Transcriptional analysis of nucleolar dominance in polyploid plants: Biased expression/silencing of progenitor rRNA genes is developmentally regulated in Brassica

Abstract: Nucleolar dominance is an epigenetic phenomenon that describes the formation of nucleoli around rRNA genes inherited from only one parent in the progeny of an interspecific hybrid. Despite numerous cytogenetic studies, little is known about nucleolar dominance at the level of rRNA gene expression in plants.
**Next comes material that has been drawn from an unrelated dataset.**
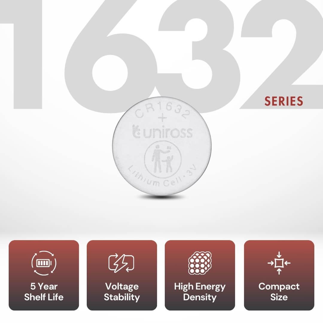 De Uniross CR1632 lithium knoopcel batterijen zijn ontworpen om langdurige en stabiele energie te leveren aan kleine, veeleisende apparaten. Dankzij de Lithium-Mangaandioxide chemie bieden deze cellen een hoge energiedichtheid en uitstekende prestaties bij diverse temperaturen.
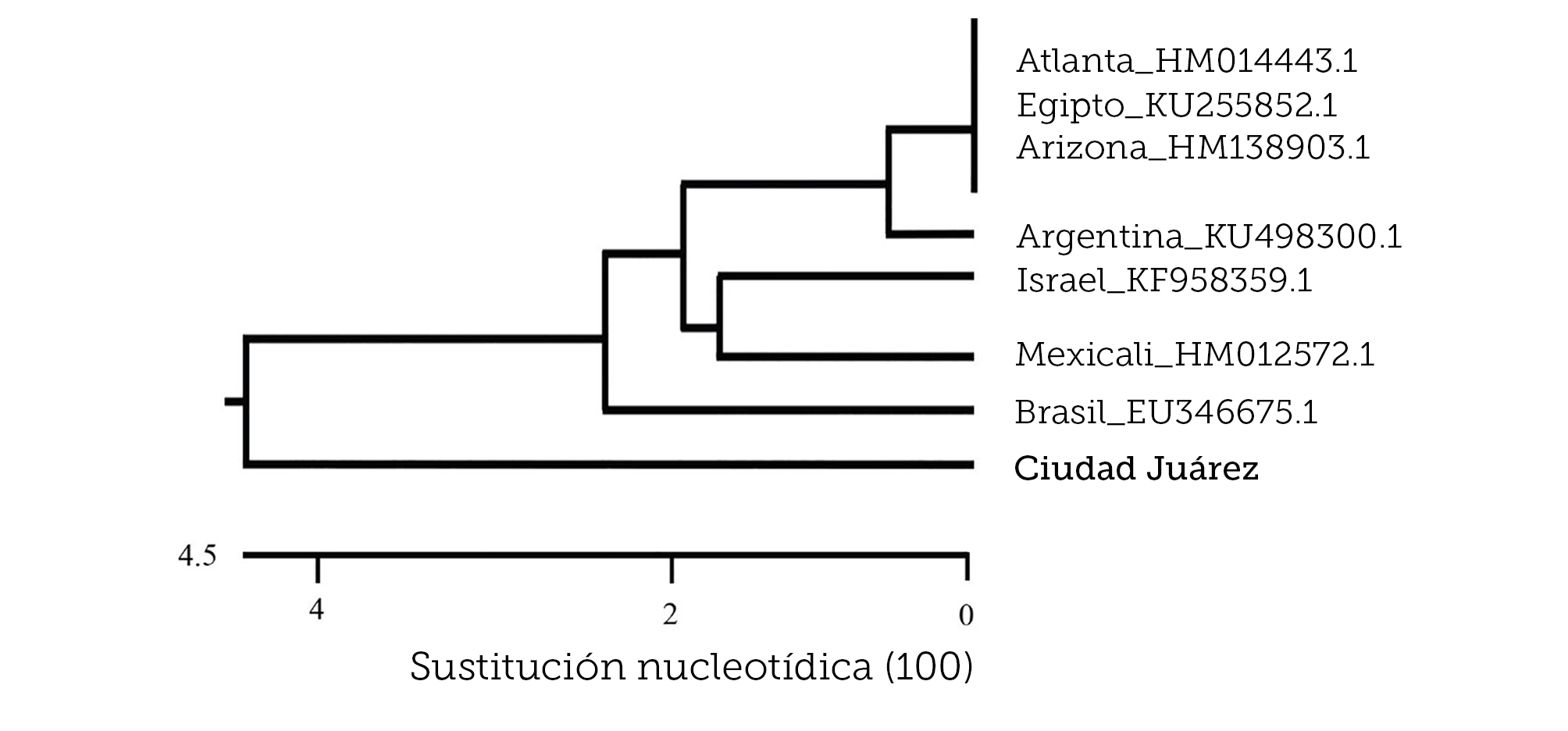 Para confirmar el linaje de las garrapatas identificadas en el presente trabajo, fragmentos del gen mitocondrial 12S rRNA fueron amplificados y secuenciados, las secuencias obtenidas en la zona de muestreo (Ciudad Juárez, México) fueron comparadas con otras reportadas y descritas en GenBank procedentes de: Mexicali, BC (HM_012572.1), así como los reportados en otros países: Israel (KF_958359.1), Argentina (KU_498300.1), Brasil (EU_346675.1), Egipto (KU_255852.1), Estados Unidos; Atlanta (HM_014443.1) y Arizona (HM_138903.1). Los resultados de secuenciación mostraron por Basic Local Alignment Search Tool nucleotide (BLASTn) una similitud del 90% y 95% con las secuencias ya reportadas, al realizar el análisis taxonómico se pude apreciar que todas corresponden al mismo linaje dado que comparten el mismo clado (figura 2).

We used S1 nuclease protection and primer extension assays to define nucleolar dominance at a molecular level in the plant genus Brassica. rRNA transcription start sites were mapped in three diploids and in three allotetraploids (amphidiploids) and one allohexaploid species derived from these diploid progenitors. rRNA transcripts of only one progenitor were detected in vegetative tissues of each polyploid. Dominance was independent of maternal effect, ploidy, or rRNA gene dosage. Natural and newly synthesized amphidiploids yielded the same results, arguing against substantial evolutionary effects. The hypothesis that nucleolar dominance in plants is correlated with physical characteristics of rRNA gene intergenic spacers is not supported in Brassica. Furthermore, in Brassica napus, rRNA genes silenced in vegetative tissues were found to be expressed in all floral organs, including sepals and petals, arguing against the hypothesis that passage through meiosis is needed to reactivate suppressed genes. Instead, the transition of inflorescence to floral meristem appears to be a developmental stage when silenced genes can be derepressed.